Cheers - I was going to look at this after walking the mutt, but Kelly Slater tearing up Taehupo'o got in the way ...

Maybe over the weekend ...

allend · 08-20-2022, 02:46 AM

If you are going to script a solution, then you might as well add code to accept the data file name, do an initial run through the data file to find the maximum number of levels required and use that to print a header as well as format the lines.

Code:

#!/bin/bash

if [[ -z $1 ]]; then echo "Usage: $0 <data file>"; exit; fi
if [[ -f $1 ]]; then  data=$1; else echo  "No data file found.

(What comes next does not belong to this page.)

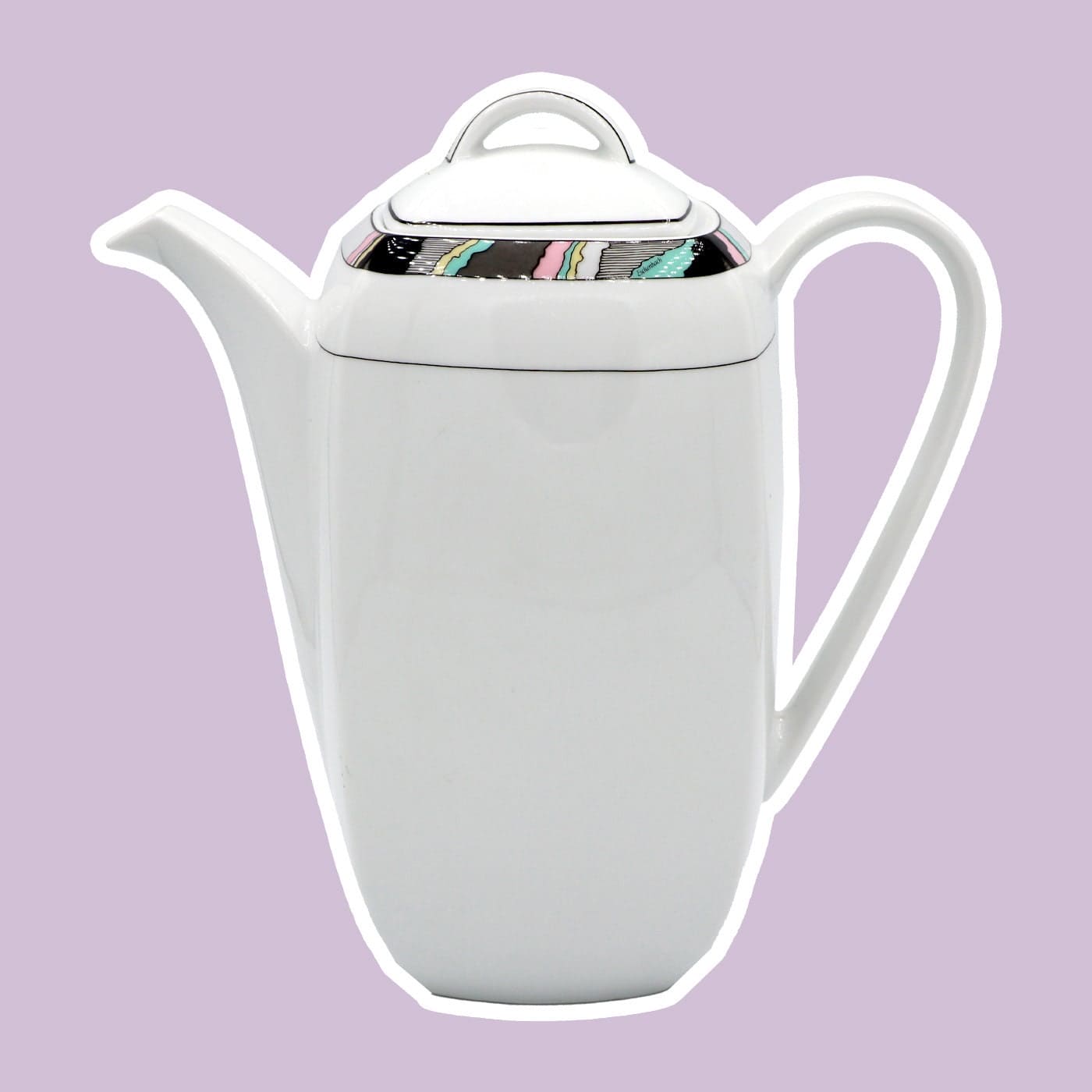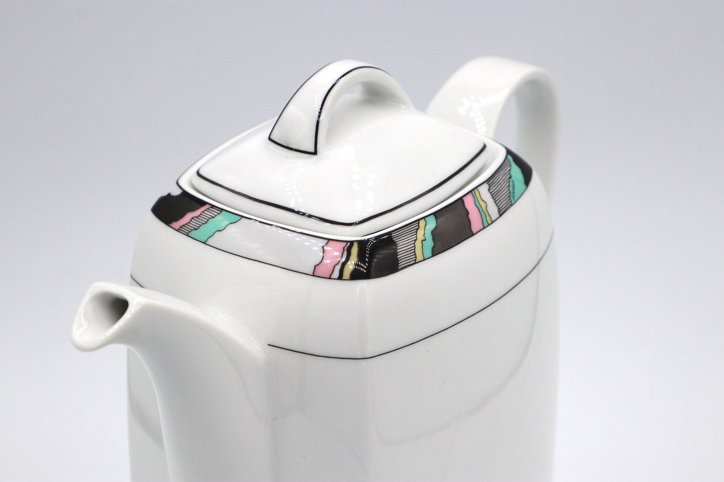 Vintage Teapot Eschenbach Domus Manhattan White Geometric 80s 90s

Exiting."; exit; fi

# Determine maximum number of levels
numlevel=$(awk -F ',' ' \
  {if (NR!=1) level[$1]++} \
  END {for (i in level) \
    if (level[i] > numlevel) {numlevel=level[i]}; \
      print numlevel}' $data)

# numlevel and numrm are the max number of each field, could be passed in as an arg.
awk -F ',' -v numlevel=$numlevel '
BEGIN {last="";numrm=numlevel;i=1;j=1
  printf("%s", "HPit")
  for (i=1;i<=numlevel;i++) {printf(",%s%s", "Level", i)}
  printf(",%s", "Stat")
  for (i=1;i<=numlevel;i++) {printf(",%s%s", "RM", i)}
  printf(",%s,%s%s", "X", "Y", "\n")
}
function printline() {
 printf ("%s",hpit);
 # dump the num array
 for (i=1;i<=numlevel;i++) {
        if (level[i]=="") {
                printf(",*");
        } else {
                printf(",%s", level[i]);
        }
 }
 printf (",%s",stat);
 # dump the rm array
 for (i=1;i<=numrm;i++) {
        if (rm[i]=="") {
                printf(",*");
        } else {
                printf(",%s", rm[i]);
        }
 }
 printf (",%s,%s",xval,yval);
 printf ("\n");
 # clear our 2 arrays
 delete (level);
 delete (rm);
}
 # if we see a change on field one, dump the line and reset, but also the first record we should not print
 { if (($1!=last) && (NR>2)) {printline(); delete (level); delete(rm); i=1; j=1; }}
 { if (NR>1) { hpit=$1;
 level[i++]=$2;
 stat=$3;
 rm[j++]=$4;
 xval=$5;
 yval=$6;
 last=$1; }
 }
 # output the last line
 END {printline(); printf ("\n");}' $data

PS - I have taken the liberty of changing the logic slightly to avoid printing the first record.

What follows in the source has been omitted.